Limitations of Prior Work: DP faces three long-standing criticisms in engineering implementation: the parameter \(\varepsilon\) is difficult to explain to regulators and the public; semantic interpretations (e.g., Kasiviswanathan–Smith, Wasserman–Zhou) are post-hoc patches that struggle to map directly to realistic concerns of "what I am afraid of leaking"; and actual deployments often result in \(\varepsilon\) values so large they become meaningless. Crucially, DP and almost all its variants cannot provide non-trivial guarantees for deterministic mechanisms (any deterministic function with different outputs for adjacent datasets is judged non-private), yet scenarios like the US Decennial Census rely heavily on deterministic "invariant statistics."

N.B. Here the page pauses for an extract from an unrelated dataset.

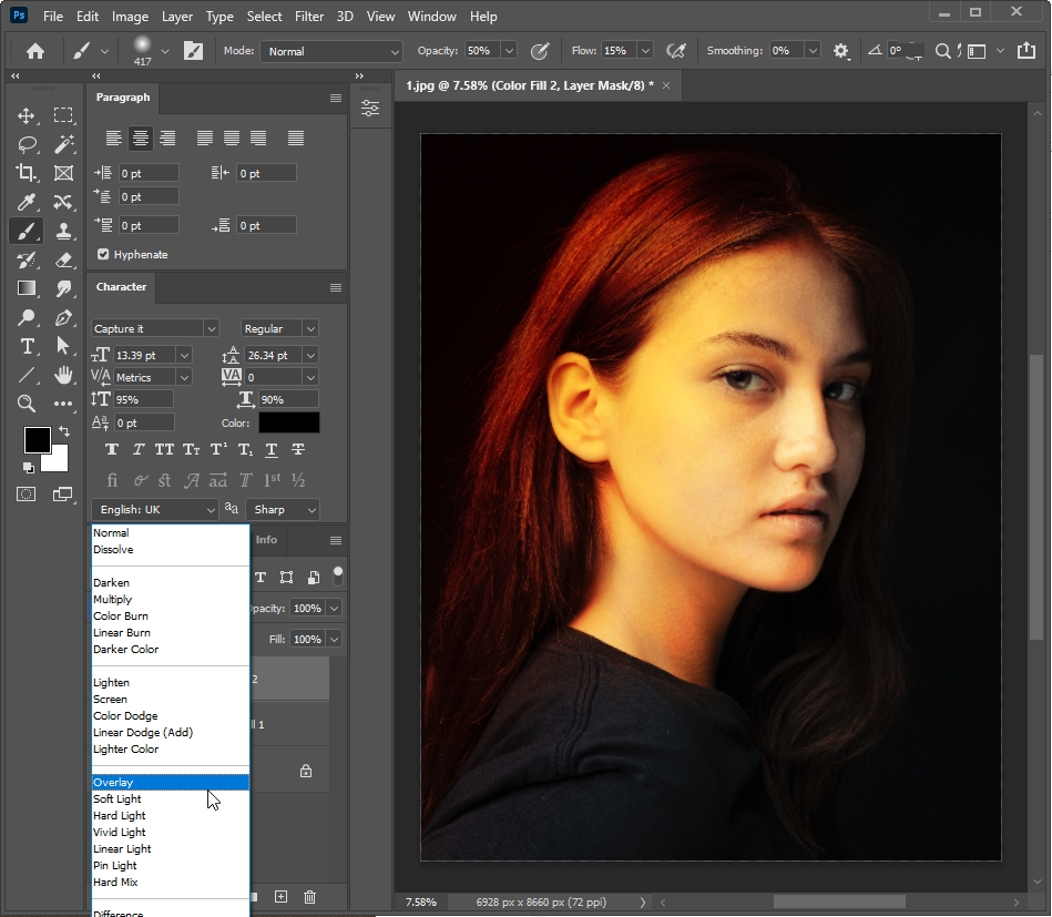 11. 덧칠한 빛을 블렌딩하여 자연스럽게 만들어 주세요.

Key Challenge: DP models "privacy" as the indistinguishability of adjacent output distributions. This purely algorithmic definition cannot incorporate a Sender's preferences regarding "what specifically is feared to be leaked." Simultaneously, the implicit assumption of a worst-case "universal prior" automatically excludes deterministic mappings. To achieve a framework that is (i) semantically tailorable, (ii) interpretable, and (iii) applicable to deterministic algorithms, the Sender, Receiver, and utility functions in the game must be explicitly modeled.

Goal: Construct a game-theoretic meta-framework that can (a) generate new privacy definitions as needed while maintaining rigorous proofs, (b) conversely evaluate existing DP guarantees, and (c) provide non-trivial guarantees for deterministic mechanisms.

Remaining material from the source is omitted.